**WHAT YOU HAVE TO DO:** Copy out exactly the stretch below, from the line with "Opening the front" through the line with "Sara Fitz's delightfully", both included; the pictures stay out.

**TASK INPUTS:**

--------

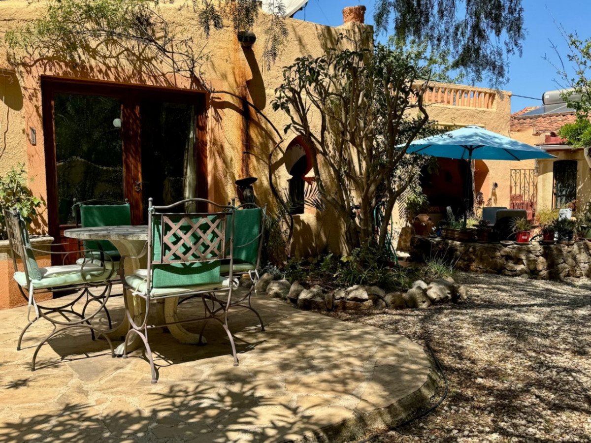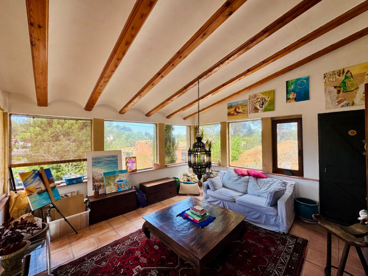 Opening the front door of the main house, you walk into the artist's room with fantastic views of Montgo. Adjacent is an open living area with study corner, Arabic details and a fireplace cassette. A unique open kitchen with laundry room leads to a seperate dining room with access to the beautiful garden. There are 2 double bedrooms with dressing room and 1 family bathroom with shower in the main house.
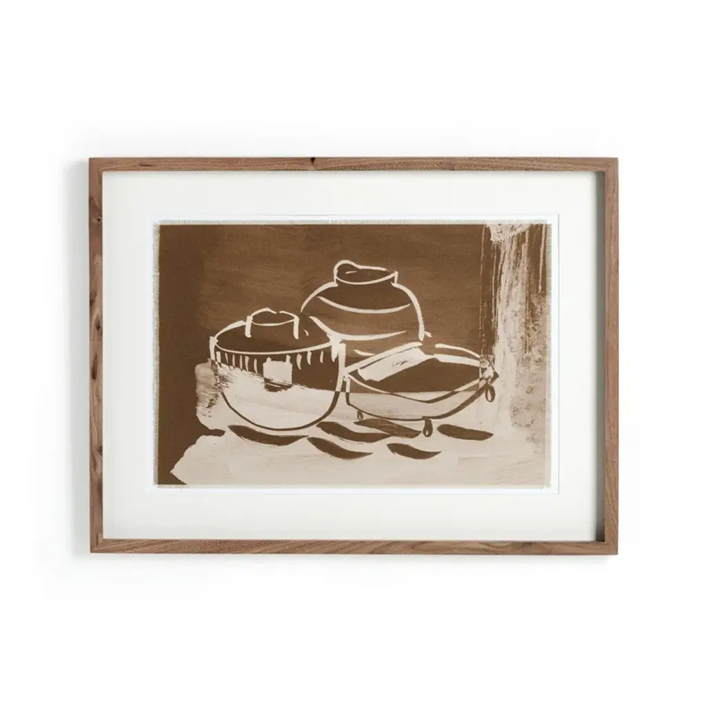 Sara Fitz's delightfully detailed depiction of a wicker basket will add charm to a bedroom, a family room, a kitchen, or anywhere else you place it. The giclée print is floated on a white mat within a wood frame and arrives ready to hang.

--------

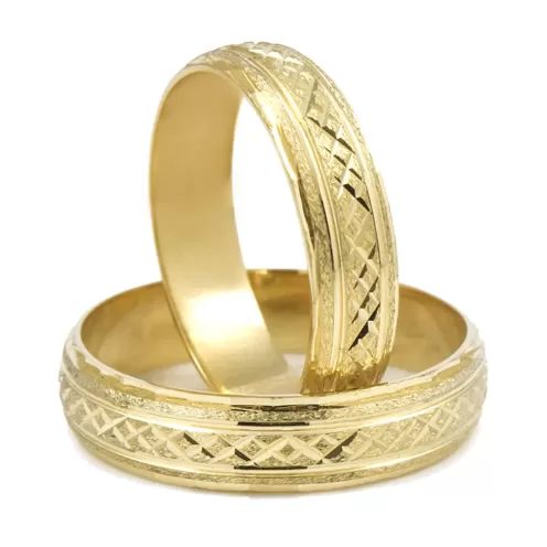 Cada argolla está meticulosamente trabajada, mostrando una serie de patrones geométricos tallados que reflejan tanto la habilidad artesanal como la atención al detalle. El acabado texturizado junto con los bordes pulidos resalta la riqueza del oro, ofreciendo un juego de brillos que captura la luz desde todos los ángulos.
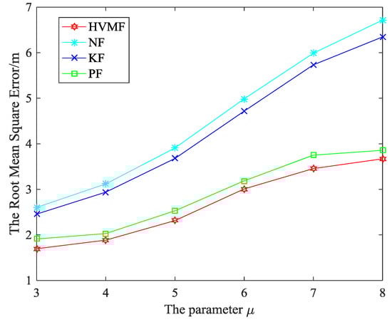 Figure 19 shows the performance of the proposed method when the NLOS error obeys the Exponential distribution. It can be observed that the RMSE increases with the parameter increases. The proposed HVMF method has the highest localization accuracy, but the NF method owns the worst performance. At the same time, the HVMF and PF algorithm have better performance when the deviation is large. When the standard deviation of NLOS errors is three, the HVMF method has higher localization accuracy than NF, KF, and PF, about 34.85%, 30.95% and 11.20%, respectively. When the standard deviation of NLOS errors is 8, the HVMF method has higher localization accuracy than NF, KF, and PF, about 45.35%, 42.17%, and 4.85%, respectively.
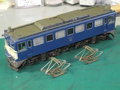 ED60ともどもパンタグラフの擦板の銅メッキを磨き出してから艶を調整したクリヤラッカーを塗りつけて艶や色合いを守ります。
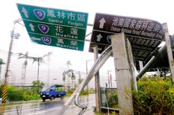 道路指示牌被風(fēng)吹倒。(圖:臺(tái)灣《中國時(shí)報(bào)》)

--------

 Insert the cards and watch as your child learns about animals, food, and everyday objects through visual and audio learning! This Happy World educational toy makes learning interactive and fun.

--------

**RESULT:**
 Opening the front door of the main house, you walk into the artist's room with fantastic views of Montgo. Adjacent is an open living area with study corner, Arabic details and a fireplace cassette. A unique open kitchen with laundry room leads to a seperate dining room with access to the beautiful garden. There are 2 double bedrooms with dressing room and 1 family bathroom with shower in the main house.
 Sara Fitz's delightfully detailed depiction of a wicker basket will add charm to a bedroom, a family room, a kitchen, or anywhere else you place it. The giclée print is floated on a white mat within a wood frame and arrives ready to hang.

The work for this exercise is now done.